Artificial intelligence (AI) excels at prediction.1 Large language models (LLMs), for example, are remarkable at predicting the next word and stringing together fluent text. AI’s predictive power extends beyond language to generate moving visuals and audio. AI models are trained with vast amounts of data and they use the statistical associations and patterns in the data to generate outputs.
But does AI’s ability to predict scale to decision making? Do relatively mundane (albeit impressive) forms of prediction—like predicting the next word—extend to reasoning in novel situations and to decision making in the real world?12
Many argue that the answer is “yes.” Predictive algorithms are now widely used to make decisions in varied domains like healthcare, finance, law and marketing.9,14,16 AI models are said to not only solve problems they have encountered in their training data, but also new problems. Some argue that LLMs have an “emergent” capability to reason.17 And with increasing amounts of data and computational power, some argue that AI will surpass humans in any cognitive or decision-making task. For example, in their book Noise: A Flaw in Human Judgment, Kahneman and colleagues argue that “all mechanical prediction techniques, not just the most recent and more sophisticated ones, represent significant improvements on human judgment.” In short, “mechanical prediction is superior to people.”10 Humans are biased and computationally limited, while machines are objective and neutral. And AI’s capacity for predictive judgment is said to extend well beyond mundane problem solving—specifically, to human decision making under uncertainty.1
We concur that the predictive capabilities of AI are remarkable. But in this column, we argue that there are limits to AI prediction. We elaborate on the nature of such limits, which in our view apply to a broad range of highly consequential real-world decisions. These decisions require the human capacity for what we call “counter-to-data” reasoning, extending beyond data-driven prediction.
The Limits of AI Prediction
The key limit of AI prediction derives from the fact that the input or “raw material” AI uses to make predictions is past data—the data the AI has been trained with. AI therefore is necessarily always backward looking, as its outputs are a function of inputs. The statistical learning that forms the basis of any prediction cannot somehow bootstrap the future, particularly if it involves data that is “out of distribution,” that is, data the AI has not encountered before. AI prediction is based on probabilistically sampling past associations or existing correlations from its training data, with an eye toward likely and probable outcomes.
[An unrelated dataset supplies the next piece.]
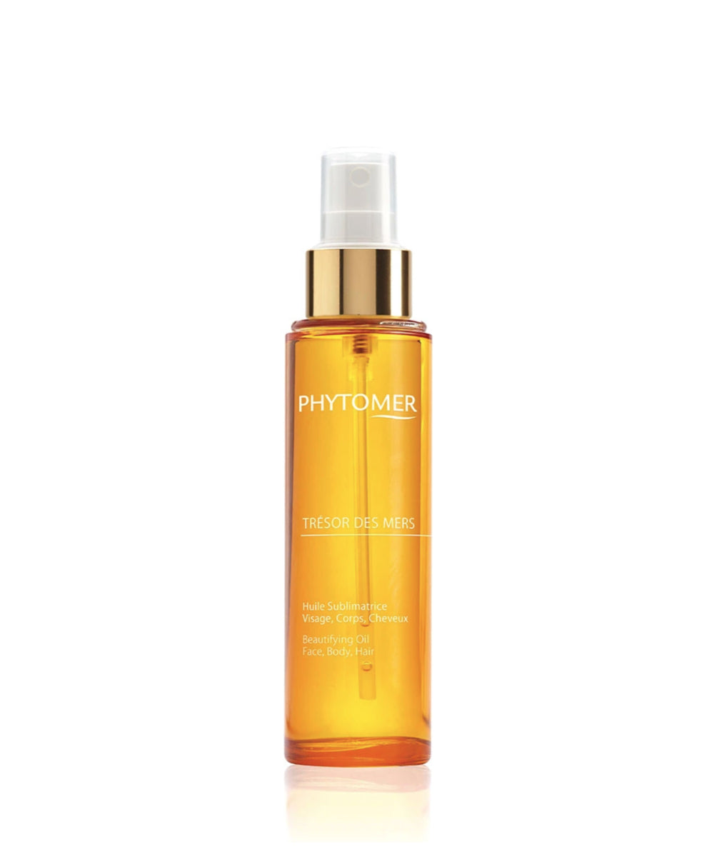 Transform your skin and reveal a luxuriously smooth complexion with Tresor des Mers - Beautifying Oil Face, Body, Hair by Phytomer. Enriched with a blend of marine and vegetal oils, this beautifying dry oil nourishes and protects the skin.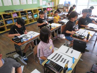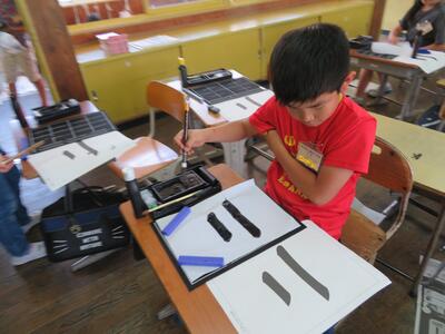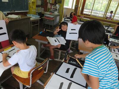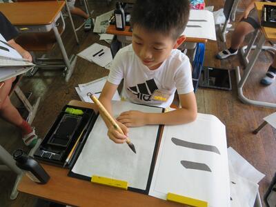 書いた漢字は「二」です。姿勢や筆圧などを考えて、お手本をよく見て、上手に横画を書くことにチャレンジしました。

But past-oriented AI has no mechanism for making predictions or generating unique outputs well beyond its training data.
To offer a simple illustration of this, in one reasoning task humans and LLMs were both presented with the sequence transformation “a b c d → a b c e” and asked to apply the same transformation to “i j k l.” Both humans and LLMs could readily deduce that the analogous transformation would result in “i j k m,” by abstracting the concept of a “successor” (incrementing the last character). However, when the sequence was modified to use a permuted alphabet, LLMs frequently failed in situations that humans can easily solve. For example, if we give the following permuted alphabet [a u c d e f g h i j k l m n o p q r s t b v w x y z] and ask humans to name the next letter after “a” they will readily say “u.” Or if we give the pattern “a u c d → a u c e” and ask for the equivalent transformation for “q r s t” → q r s ?, then humans can easily follow the prompt and respond “b.” LLMs however struggle with these types of tasks.11
Or to offer another example, LLMs have problems with simple word puzzles like: “Alice has 4 brothers and 1 sister. How many sisters does Alice’s brother have?” Many LLMs fail and answer that Alice’s brother has one sister.13 These types of problems are also illustrated by the fact that even slight changes in the wording or structure of common reasoning and problem solving tasks lead AI prediction to falter or fail completely.8 These failures highlight the reliance of LLMs on previously encountered, surface-level patterns that are memorized from training data—and the inability of LLMs to engage in novel, on-the-fly reasoning.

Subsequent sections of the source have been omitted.